Help File:Basic assembler

Originally posted by Dark Byte + addition by Smidge204

Most people think assembler is very difficult, but in fact it's very easy. In this tutorial i'll try to explain how some basic assembler works

The processor works with memory and registers. The registers are like memory but a lot faster than memory. Registers are EAX,EBX,ECX,EDX,ESP,EBP,ESI,EDI, and the segment registers. (There's also EIP, wich is the Instruction Pointer. It points to the instruction that is about to be executed)

Some examples[edit]

 sub ebx,eax  // (ebx=00000005,eax=00000002)

Lets take it apart in it's most basic elements:

opcode param1,param2

The opcode is the instruction telling the processor what to do, in this case decrease the value stored in register ebx with the value stored in register eax.

In this case ebx=5 and eax=2 so ebx would be after this instruction 3. (5-3)

Also note that whever you see a opcode with 2 parameters: The first parameter is the target of the instruction. The 2nd is the source

 sub [esi+13],ebx  // (ebx=00000003,esi=008AB100)

In this case you see the first parameter is between brackets.
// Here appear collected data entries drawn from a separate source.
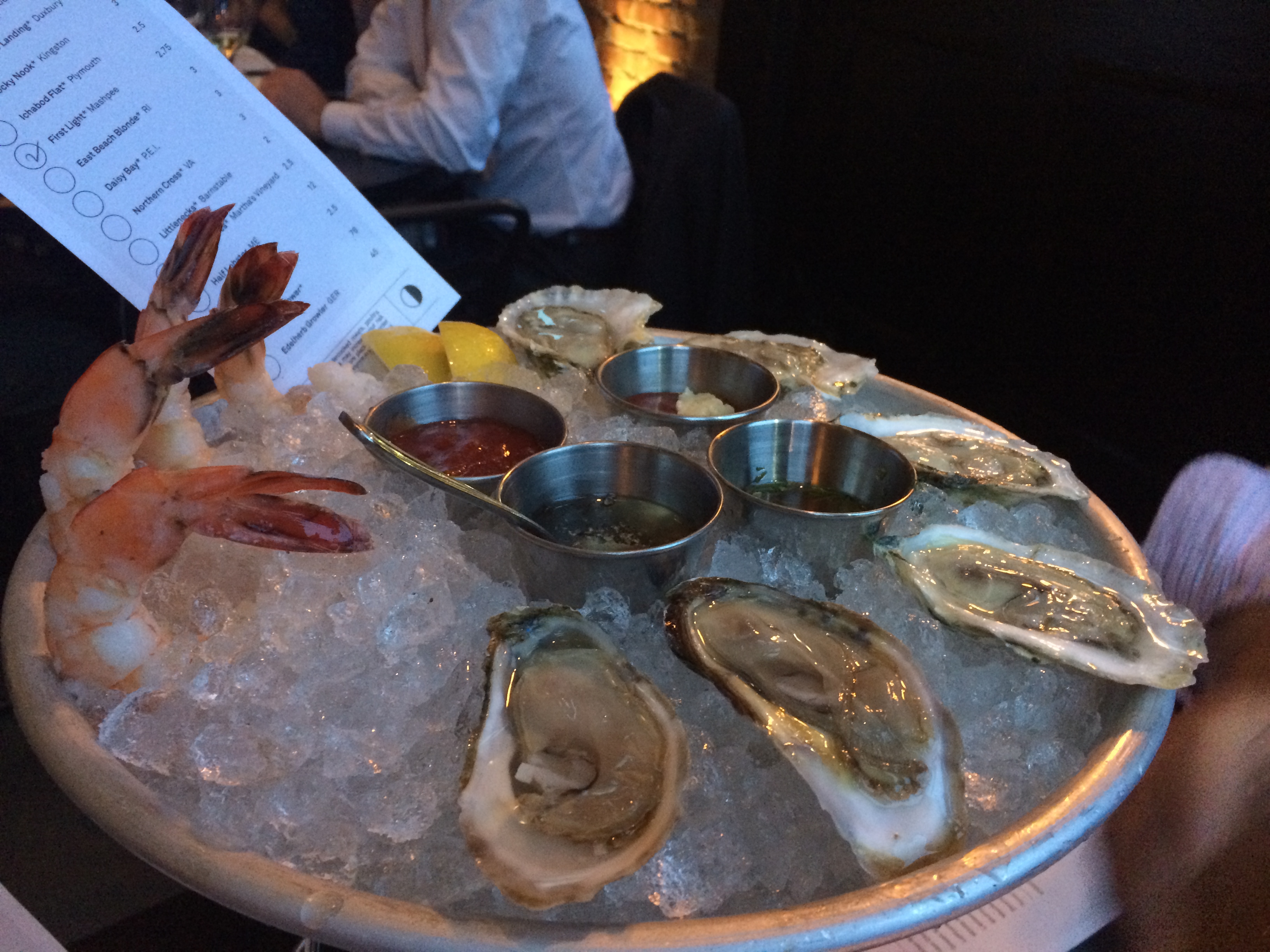 We had dinner reservations at Row 34, which I’ve been dying to try. It was a good thing he tried making reservations a week and a half in advance because they were already booked solid (on a Monday!). I called and pulled some birthday strings, though, and got us in. Everything from the atmosphere to the service to the food was outstanding and we thoroughly enjoyed every piece of the experience. I even tried oysters- and liked them! I had the Bucatini and it was SO good. I think he had the bluefish, but I can’t remember… I blame it on the Cosmo’s 😉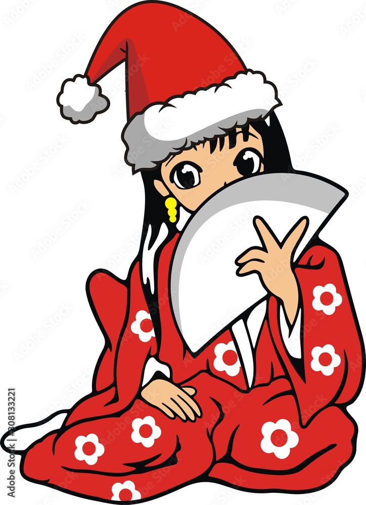 Fotografie Geisya, wearing Santa hat celebrate Christmas
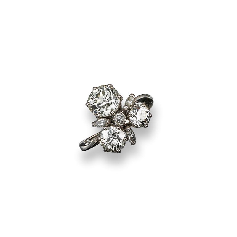 A diamond cluster ring, the three principal circular-cut diamonds weigh approximately 1.90, 1.00 and 0.60 cts, set in white gold with inner re-sizing sleeve. Size P.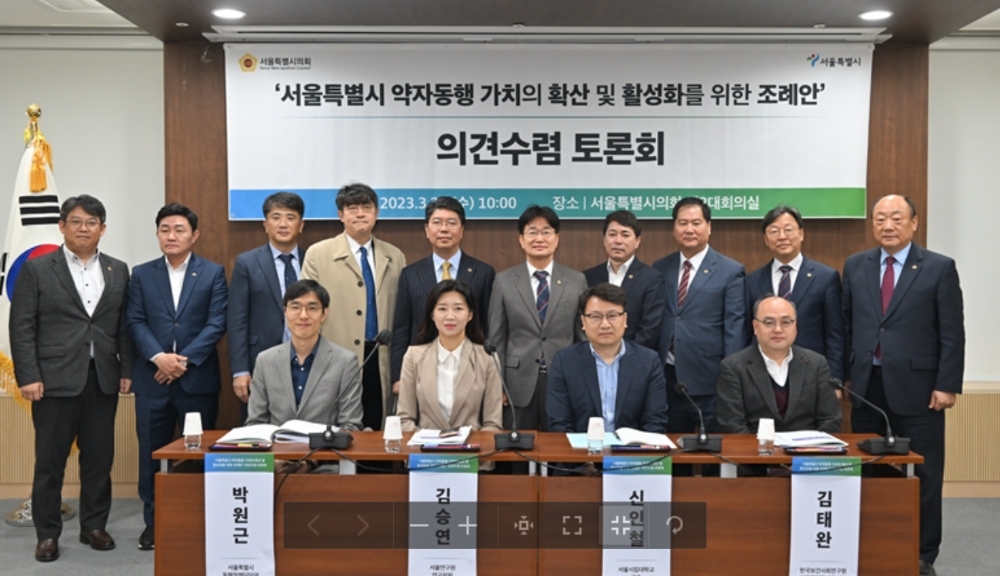 처음 박원근 서울시 동행정책담당관이 ▲약자의 정의 ▲시장의 책무 ▲비용지원 및 사무 위탁 근거 ▲기본계획의 수립 ▲실태조사 근거 등 ‘서울특별시 약자동행 가치확산 및 활성화를 위한 조례안’의 주요 내용을 설명했다.

This indicates that instead of registers a memorylocation is being used. The memorylocation is pointed at by whats in between the brackets, in this case esi+13 (Note that the 13 is in hexadecimal)

ESI=008AB100 so the address pointed at is 008AB113.
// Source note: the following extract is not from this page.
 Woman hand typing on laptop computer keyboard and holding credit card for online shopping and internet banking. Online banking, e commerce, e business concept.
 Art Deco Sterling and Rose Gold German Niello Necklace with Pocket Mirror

This instruction would decrease the value stored at location 008AB113 with the value stored in ebx(wich is 3).

If the value at location 008AB113 was 100 then the value stored at 008AB113 after this instruction would be 97.

 sub [esi+13],63  // (esi=008AB100)

This is almost the same as above but instead of using a register it uses a direct value.

Note that 63 is actually 99 because the instruction is always written using hexadecimal.

Lets say the value at 008ab113 is 100 (wich is 64 in hexadecimal) then the value at 008ab113 after execution would be 1 (100-99)

 sub ebx,[esi+13]  // (ebx=00000064 esi=008ab100)

This instruction decreases the value stored in ebx with the value stored at location 008ab113. (esi+13=008ab100+13=008ab113, in case you forgot)

Up until now i've only used SUB as instruction, but there are lots and lots of other instructions the procesor knows.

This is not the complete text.